MATERIAL FOR THIS TASK section start

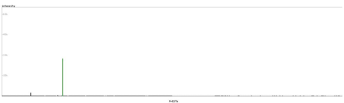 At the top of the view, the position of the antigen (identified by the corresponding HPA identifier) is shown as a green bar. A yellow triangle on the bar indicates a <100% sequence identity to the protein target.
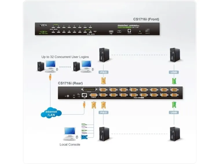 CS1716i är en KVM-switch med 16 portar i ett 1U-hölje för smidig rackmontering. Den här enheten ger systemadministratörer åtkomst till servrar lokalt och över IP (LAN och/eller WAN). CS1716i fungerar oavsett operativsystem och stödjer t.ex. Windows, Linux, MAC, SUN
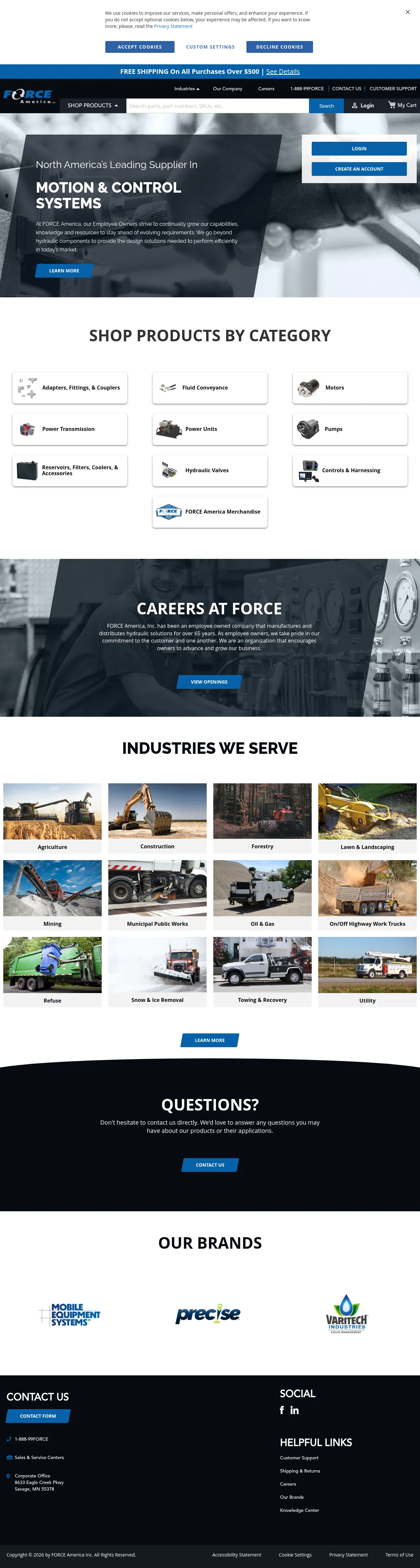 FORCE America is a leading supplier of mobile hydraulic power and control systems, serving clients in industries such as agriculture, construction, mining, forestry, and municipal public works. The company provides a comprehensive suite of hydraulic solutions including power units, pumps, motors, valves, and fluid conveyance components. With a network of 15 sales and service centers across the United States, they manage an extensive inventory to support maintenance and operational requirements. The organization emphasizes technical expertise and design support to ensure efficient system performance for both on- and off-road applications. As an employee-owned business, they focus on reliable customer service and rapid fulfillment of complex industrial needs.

MATERIAL FOR THIS TASK section end
MATERIAL FOR THIS TASK section start

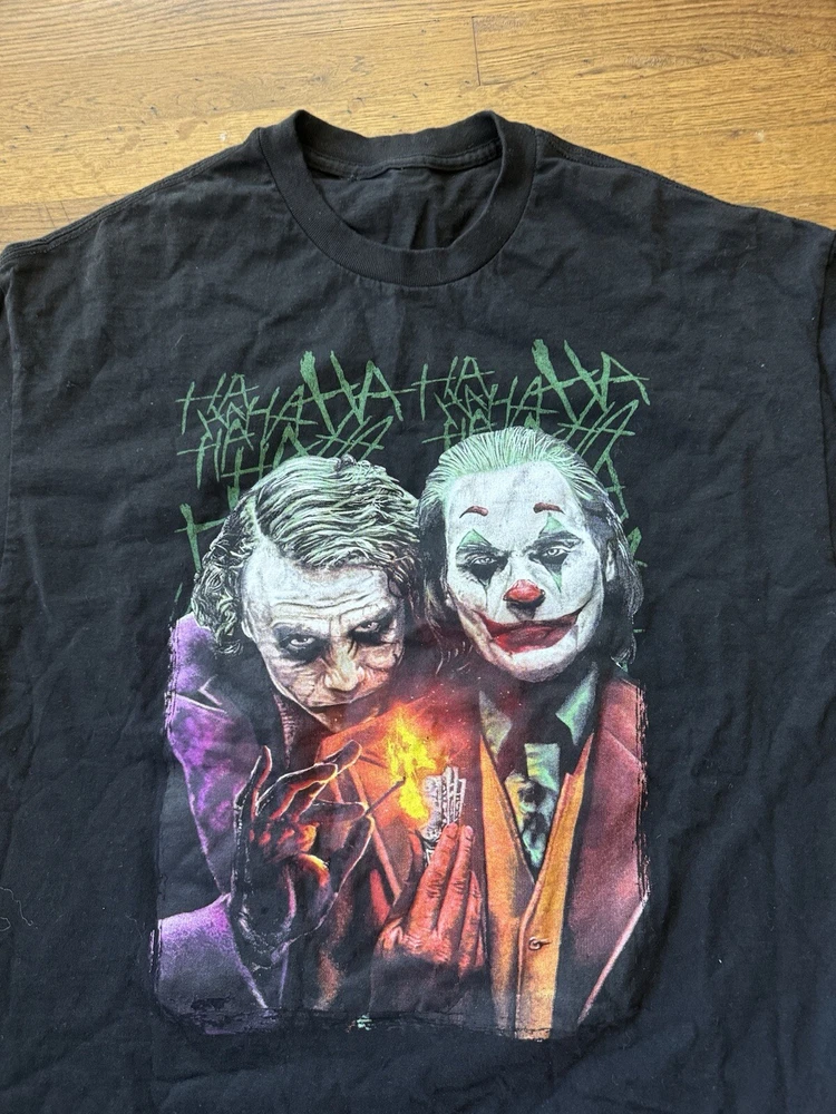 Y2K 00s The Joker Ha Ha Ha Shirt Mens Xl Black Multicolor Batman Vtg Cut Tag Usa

MATERIAL FOR THIS TASK section end
MATERIAL FOR THIS TASK section start

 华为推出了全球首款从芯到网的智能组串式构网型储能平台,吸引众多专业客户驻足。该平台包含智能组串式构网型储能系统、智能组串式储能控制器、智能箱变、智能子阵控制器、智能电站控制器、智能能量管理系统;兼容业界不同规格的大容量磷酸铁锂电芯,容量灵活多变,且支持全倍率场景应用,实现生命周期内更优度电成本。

MATERIAL FOR THIS TASK section end

WHAT THE EXERCISE ASKS. In the listing above, find the line with "At the top of" and the line with "FORCE America is". Set down both and every line between them, minus the pictures.

SOLUTION FOR THIS TASK.
 At the top of the view, the position of the antigen (identified by the corresponding HPA identifier) is shown as a green bar. A yellow triangle on the bar indicates a <100% sequence identity to the protein target.
 CS1716i är en KVM-switch med 16 portar i ett 1U-hölje för smidig rackmontering. Den här enheten ger systemadministratörer åtkomst till servrar lokalt och över IP (LAN och/eller WAN). CS1716i fungerar oavsett operativsystem och stödjer t.ex. Windows, Linux, MAC, SUN
 FORCE America is a leading supplier of mobile hydraulic power and control systems, serving clients in industries such as agriculture, construction, mining, forestry, and municipal public works. The company provides a comprehensive suite of hydraulic solutions including power units, pumps, motors, valves, and fluid conveyance components. With a network of 15 sales and service centers across the United States, they manage an extensive inventory to support maintenance and operational requirements. The organization emphasizes technical expertise and design support to ensure efficient system performance for both on- and off-road applications. As an employee-owned business, they focus on reliable customer service and rapid fulfillment of complex industrial needs.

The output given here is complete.